***** Records

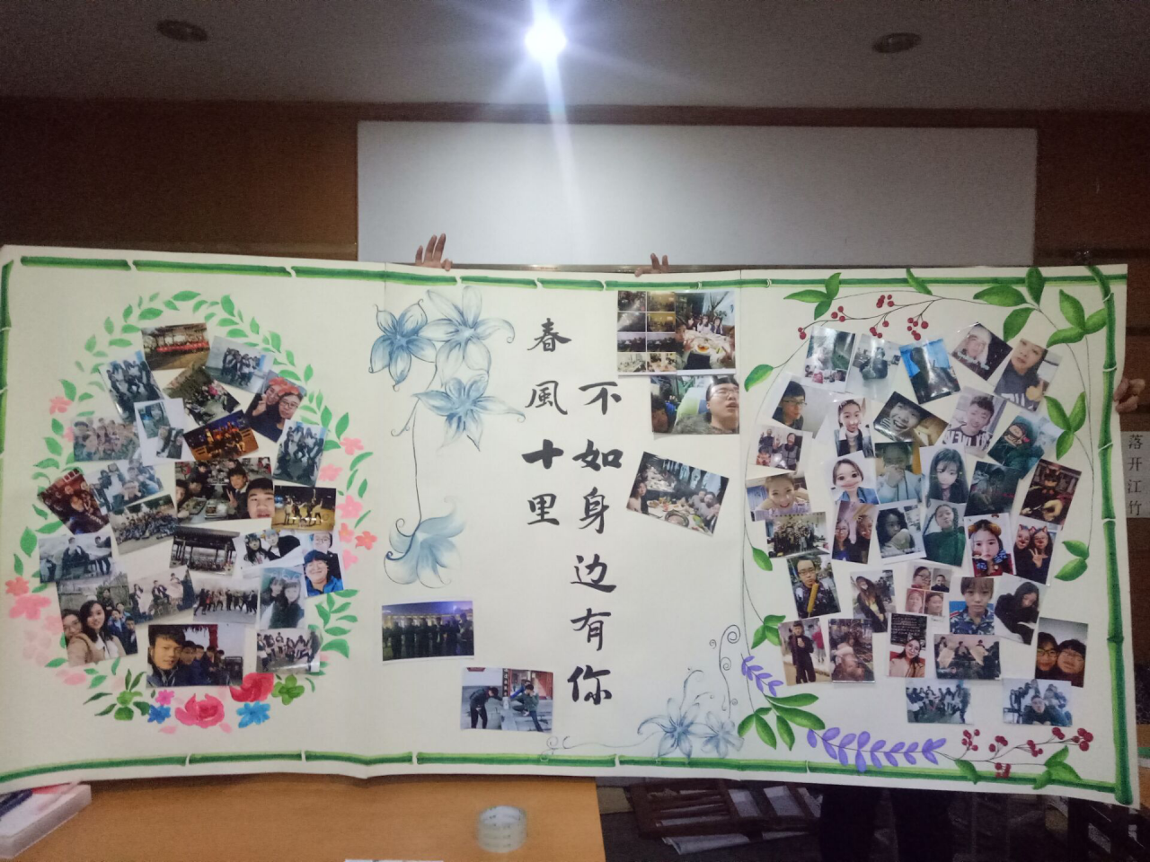 此次活动在院内获得了同学们的热烈响应。活动刚开始,很快照片就被集齐了,这之中的每一张照片都风趣幽默而又不失温馨,让人感受到了满满的班级凝聚力。还有些同学在照片的背面写上了满满的祝福话语,温暖人心。然后我们将同学们青春昂扬的笑脸照片,以展板形式展现出来,并在美院的官方平台——美院服务站上进行了“笑脸”照片的推送和宣传。让美院师生都可以看到这一张张带着春风与笑意的照片。
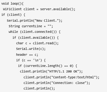 在loop()函數(shù)中,您必須編寫當(dāng)新客戶端與web服務(wù)器建立連接時(shí)發(fā)生的事情。ESP32總是使用server.available()偵聽傳入的客戶端;并將輸入的數(shù)據(jù)存儲(chǔ)到一個(gè)字符串變量中,并在串行監(jiān)視器上打印數(shù)據(jù)。
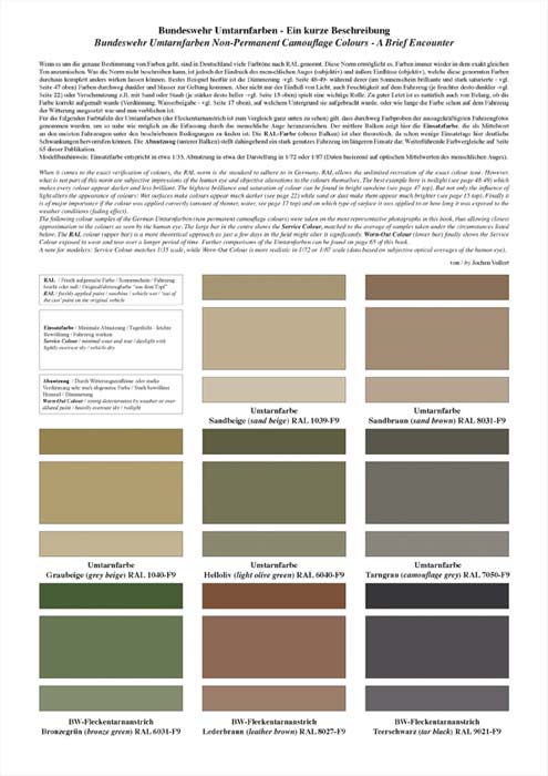 Der Modellbaurelevante Kracher kommt sofort auf der Innenseite der Frontseite - nämlich eine Farbübersicht der eingesetzten Farben, sowohl mit RAL Farbton (ja, richtig gelesen - die Umtarnfarben haben seit Neuestem RAL Zuordnungen) sowohl in Abnutzung bzw. Darstellung im Modellbaumaßstab.
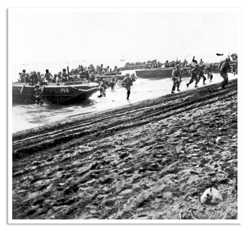 Mariniers van de 1st Division bestormen het strand van Guadalcanal op 7 Augustus 1942. Foto: U.S. Marine Corps, U.S. National Archives.
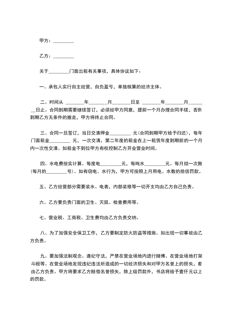 3、在租赁期内,因租赁门面所产生的水、电、卫生费、物业管理费等一切费用由乙方自行承担。
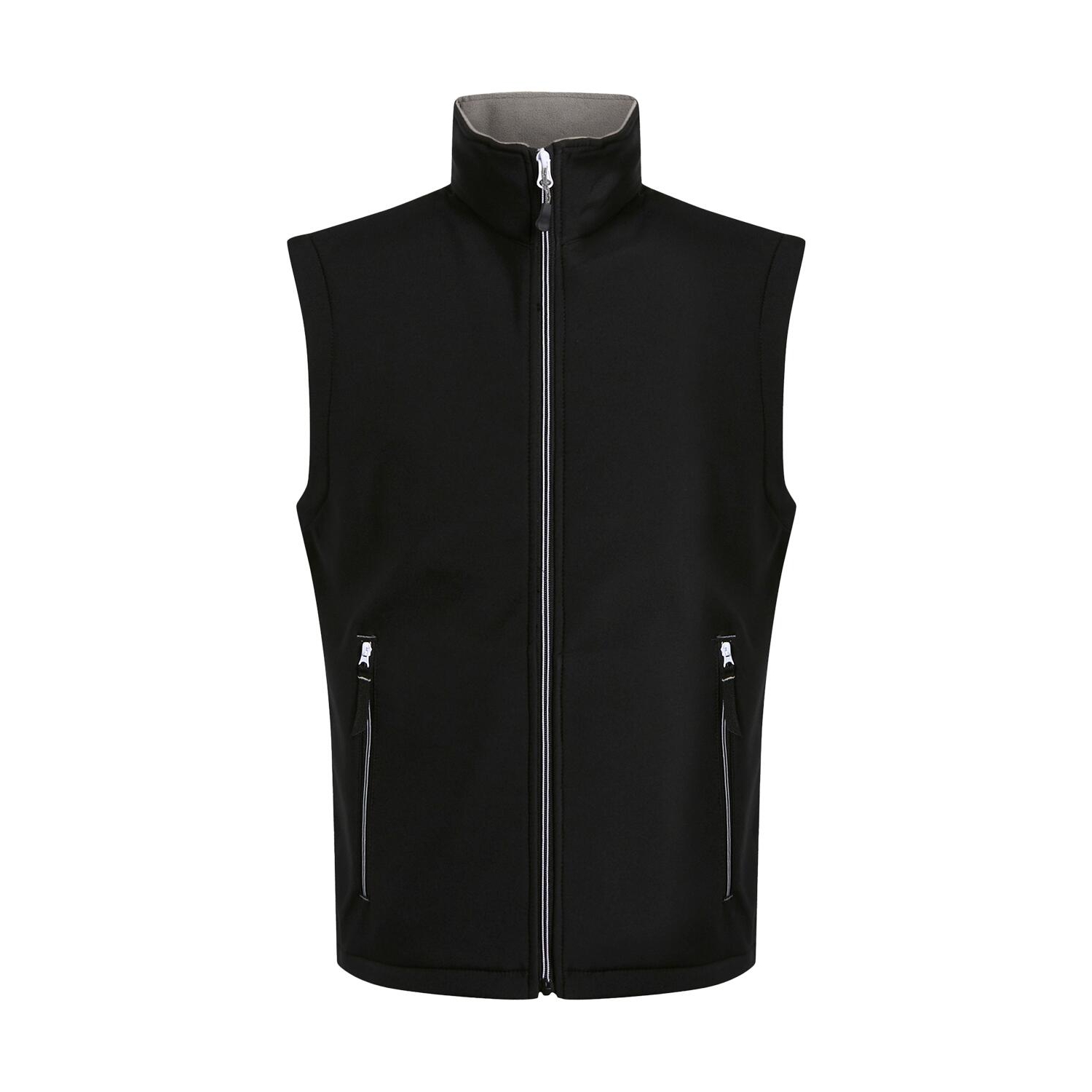100% poliéster (reciclado). tejido softshell con elasticidad mecánica. tejido exterior softshell imprimible repelente al viento y al agua. forro polar cálido. cremallera completa. bolsillos laterales con cremallera.
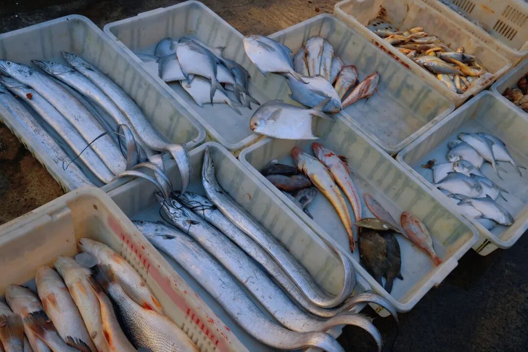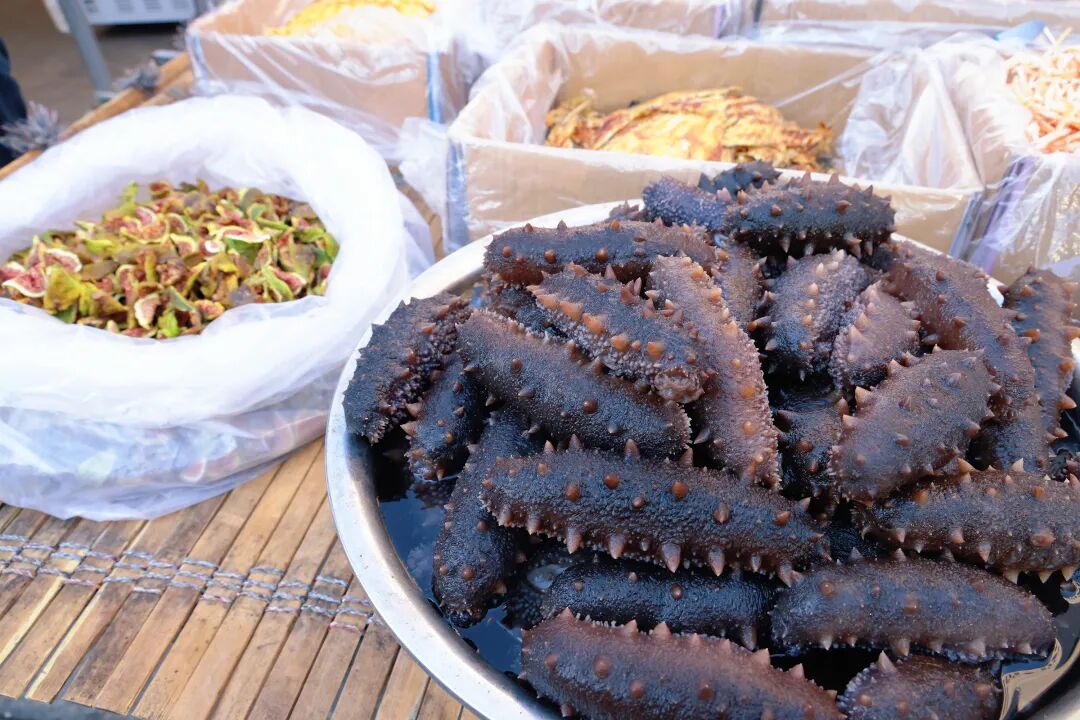 往前走,海的气息愈发浓郁。鲜活的梭子蟹张着肥硕的蟹钳,蟹壳青灰透亮,一掂就知道膏满肉肥;盆里的海虾通体透亮,胖乎乎的海参肉质厚实,是威海人冬日进补的佳品;还有各类海鱼银光闪闪,摊主手起刀落,转眼间就把一条鱼收拾妥当,顾客拎回家便能熬一锅鲜美的鱼汤。
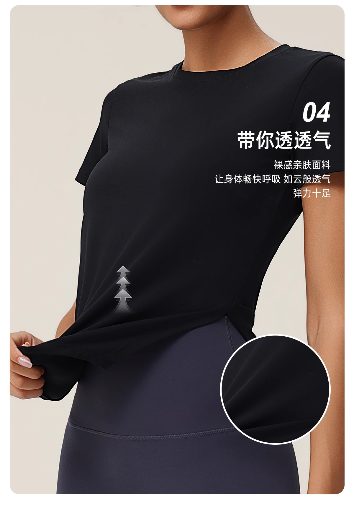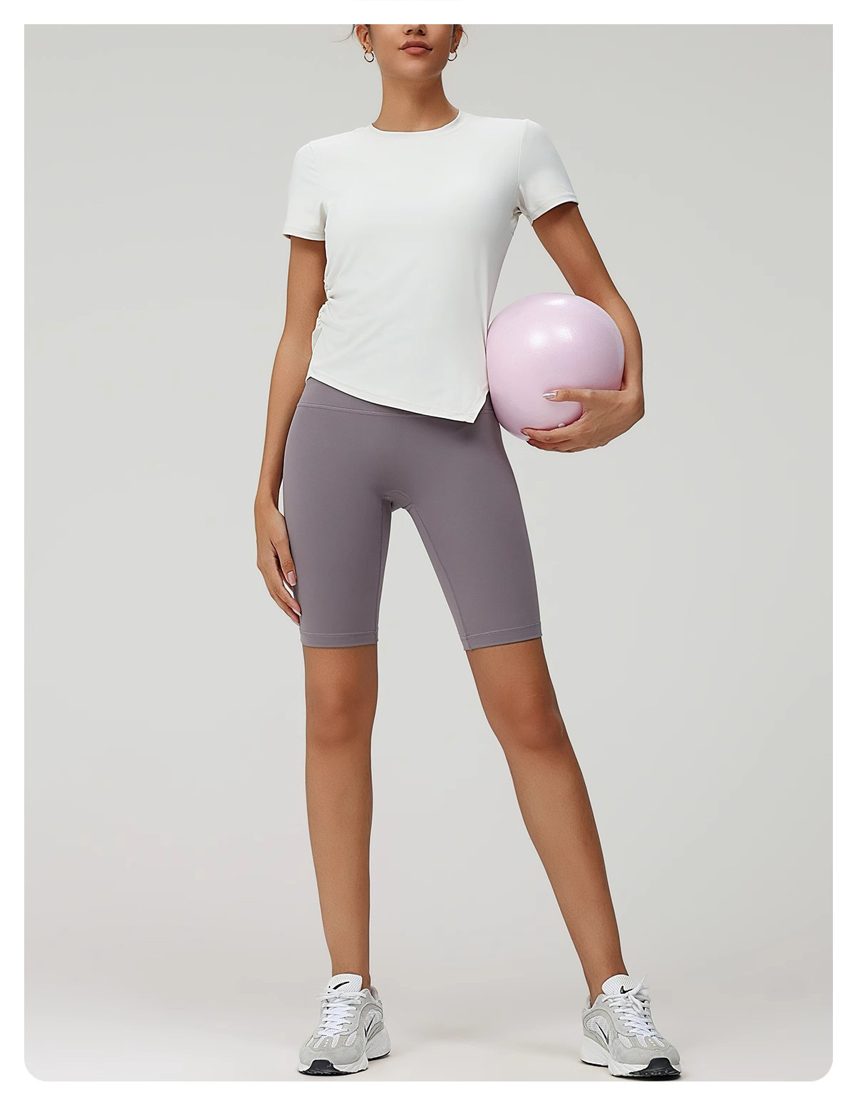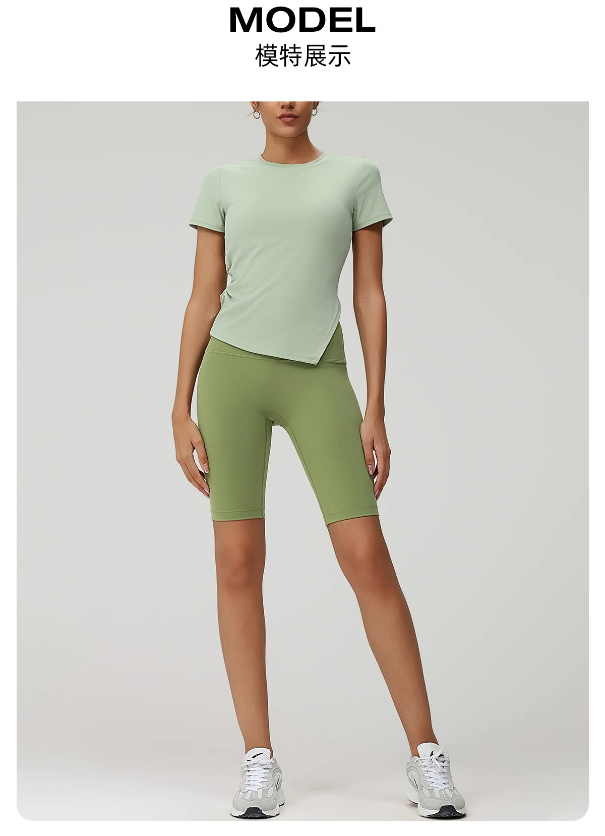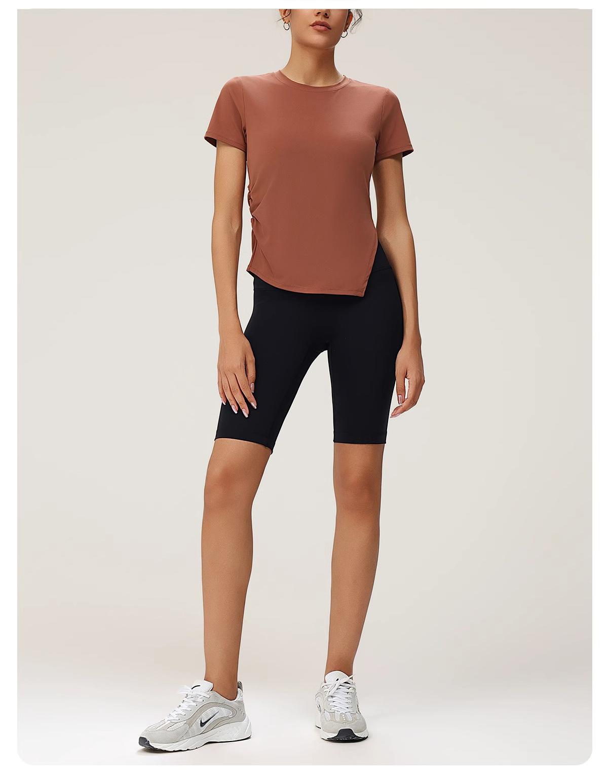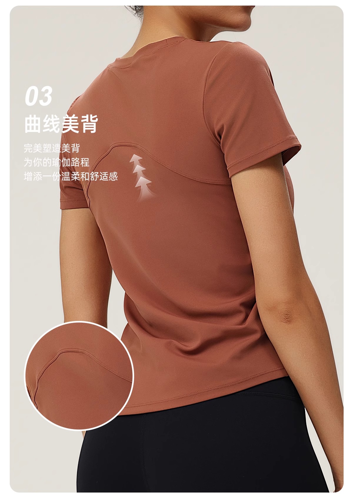 跃牌(呗咪纷纷系列)褶皱显瘦修身不规则开叉瑜伽服短袖圆领运动瑜伽T恤DX3012
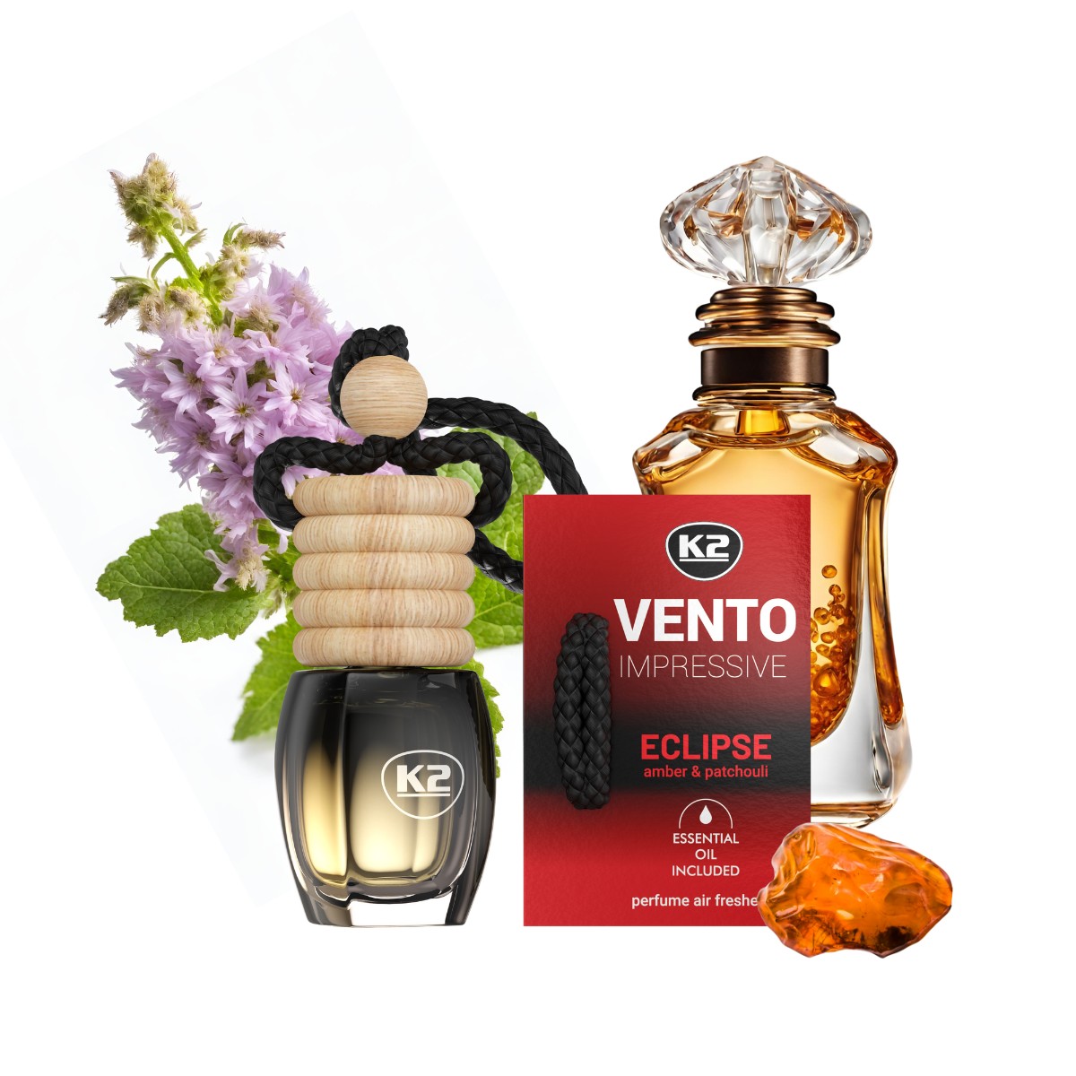 Perfumowane kompozycje zapachowe K2 Vento Impressive błyszczą zapachem niczym samochodowa biżuteria, a odświeżacz zdobi wnętrze auta.
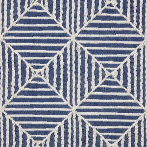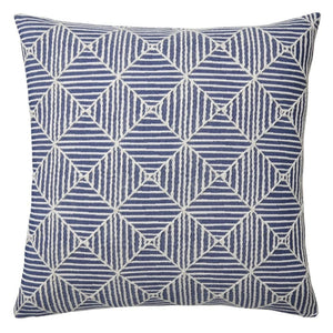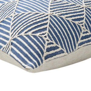 Mar Blue and White Decorative Pillow by Mode Living. This contemporary accent pillow features a beautiful and mesmerizing geometric pattern woven in classic shades of blue and white. The throw pillow reverses to a solid neutral on the back and has a hidden zipper closure. It's perfect for adding texture and pattern to any space.

**********

Task item: Please keep the pictures out and reproduce the records above exactly.

Result for this exercise:
 此次活动在院内获得了同学们的热烈响应。活动刚开始,很快照片就被集齐了,这之中的每一张照片都风趣幽默而又不失温馨,让人感受到了满满的班级凝聚力。还有些同学在照片的背面写上了满满的祝福话语,温暖人心。然后我们将同学们青春昂扬的笑脸照片,以展板形式展现出来,并在美院的官方平台——美院服务站上进行了“笑脸”照片的推送和宣传。让美院师生都可以看到这一张张带着春风与笑意的照片。
 在loop()函數(shù)中,您必須編寫當(dāng)新客戶端與web服務(wù)器建立連接時(shí)發(fā)生的事情。ESP32總是使用server.available()偵聽傳入的客戶端;并將輸入的數(shù)據(jù)存儲(chǔ)到一個(gè)字符串變量中,并在串行監(jiān)視器上打印數(shù)據(jù)。
 Der Modellbaurelevante Kracher kommt sofort auf der Innenseite der Frontseite - nämlich eine Farbübersicht der eingesetzten Farben, sowohl mit RAL Farbton (ja, richtig gelesen - die Umtarnfarben haben seit Neuestem RAL Zuordnungen) sowohl in Abnutzung bzw. Darstellung im Modellbaumaßstab.
 Mariniers van de 1st Division bestormen het strand van Guadalcanal op 7 Augustus 1942. Foto: U.S. Marine Corps, U.S. National Archives.
 3、在租赁期内,因租赁门面所产生的水、电、卫生费、物业管理费等一切费用由乙方自行承担。
100% poliéster (reciclado). tejido softshell con elasticidad mecánica. tejido exterior softshell imprimible repelente al viento y al agua. forro polar cálido. cremallera completa. bolsillos laterales con cremallera.
 往前走,海的气息愈发浓郁。鲜活的梭子蟹张着肥硕的蟹钳,蟹壳青灰透亮,一掂就知道膏满肉肥;盆里的海虾通体透亮,胖乎乎的海参肉质厚实,是威海人冬日进补的佳品;还有各类海鱼银光闪闪,摊主手起刀落,转眼间就把一条鱼收拾妥当,顾客拎回家便能熬一锅鲜美的鱼汤。
 跃牌(呗咪纷纷系列)褶皱显瘦修身不规则开叉瑜伽服短袖圆领运动瑜伽T恤DX3012
 Perfumowane kompozycje zapachowe K2 Vento Impressive błyszczą zapachem niczym samochodowa biżuteria, a odświeżacz zdobi wnętrze auta.
 Mar Blue and White Decorative Pillow by Mode Living. This contemporary accent pillow features a beautiful and mesmerizing geometric pattern woven in classic shades of blue and white. The throw pillow reverses to a solid neutral on the back and has a hidden zipper closure. It's perfect for adding texture and pattern to any space.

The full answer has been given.